O meu melhor amigo voltou das férias ontem com um braço quebrado.‭ ‬Ninguém ainda parece haver notado nada de estranho nisso,‭ ‬como se férias normalmente quebrassem ossos.‭ ‬Mas eu não me contenho de perguntar por que motivo alguém voltaria do litoral com um membro na tipóia.‭ ‬Nada porém que me leve a romper o silêncio que ele,‭ ‬por motivos certamente justos,‭ ‬está mantendo.

Hoje à tarde eu fui visitá-lo.‭ ‬Encontrei-o regando as flores da irmã no pequeno canteiro nos fundos de casa.‭ ‬No momento em que entrei,‭ ‬mal o reconheci:‭ ‬normalmente as pessoas voltam mesmo estranhas de suas férias,‭ ‬mas ele tinha algo mais.

‎— ‏Está difícil voltar àquela‭ ‬vida de antes,‭ ‬meu amigo.

Aproveitei a deixa e perguntei o porquê do braço.‭ ‬Ele riu pragmático e respondeu que se me contasse a verdade não teria mais nenhuma graça,‭ ‬pois havia sido algo bem comum e idiota.

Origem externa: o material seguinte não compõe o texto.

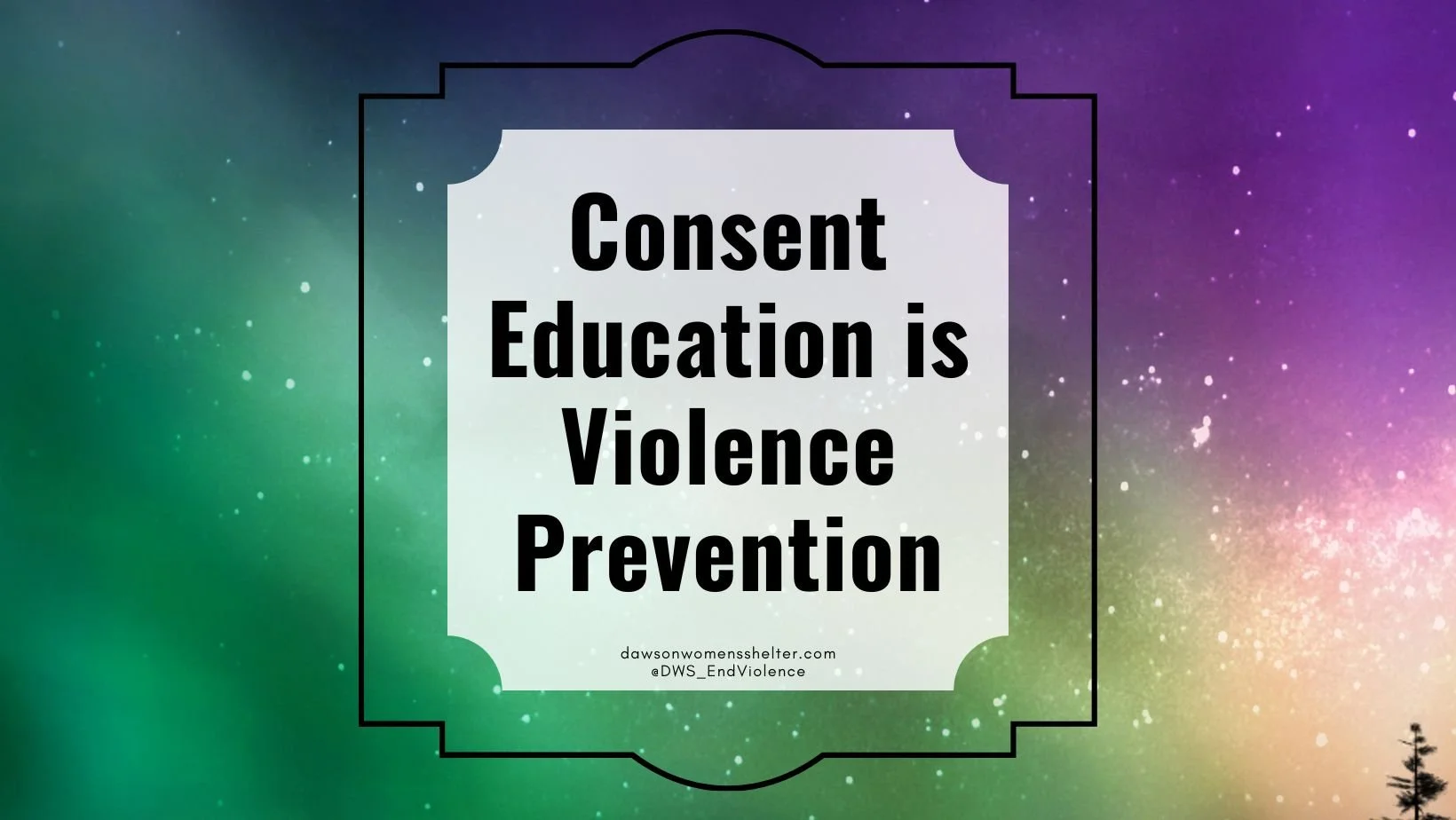 Image description: Text 'Consent Education is Violence Prevention' on background of colourful northern lights

— ‏Não foram as férias que me quebraram os ossos e nem é o meu braço que me dói nesse momento.

Ele me olhou com um assomo de sorriso no canto externo do olho.

— ‏Sinto-me prostituído cada vez que me sento naquela cadeira.‭ ‬E o pior é que eu não consigo me desligar da lembrança do violão.‭ ‬Trabalhar fica difícil sem sonhos para fazer a gente esquecer esta desgraça que é viver nesta merda de mundo.‭ ‬Jogar tudo para o alto e começar de novo é algo que já assusta quando se passou dos trinta anos.‭ ‬Daí para frente alguém aceita ser violado até nos últimos princípios em nome de uma falsa segurança.‭ ‬É aí que o homem descobre que deixou seus sonhos no sereno e eles foram roubados enquanto dormia.

Para quê eu tentaria convencer o meu amigo de algo que não creio eu‭? ‬Derrapando na curva dos trinta tristes anos eu olho para trás com amargura e lamento a festa a que não fui,‭ ‬os beijos que não dei,‭ ‬as oportunidades que passaram por mim sem que eu me arrojasse.‭ ‬E principalmente lamento estar vivendo na casa de minha mãe e estar vivendo neste mundo de meu Deus onde já não se faz mais música e nem amores como antigamente.

O meu amigo sabe,‭ ‬como eu,‭ ‬que é tarde para lutar pelos velhos sonhos.‭ ‬Ele já não será o astro que quis ser e eu pressinto que nunca fui ou serei o escritor que o menino do interior ambicionava ser.‭ ‬Ou simplesmente estamos convencidos dessas coisas.‭ ‬Não há um Sistema para culpar,‭ ‬não houve conspiração alguma além da própria vida contra nós…

Não vamos nascer de novo e nem vamos descobrir uma outra vida um belo dia.‭ ‬Estávamos armados de falsas ilusões que se perderam em fumaça e agora eu cultivo uma barriga iniciante enquanto me prostituo em‭ ‬ particulares.‭ ‬O meu amigo tem mais sorte:‭ ‬rega flores e se senta atrás da mesa de uma repartição pública.

Mas não nos está sendo fácil exorcizar o violão e o livro.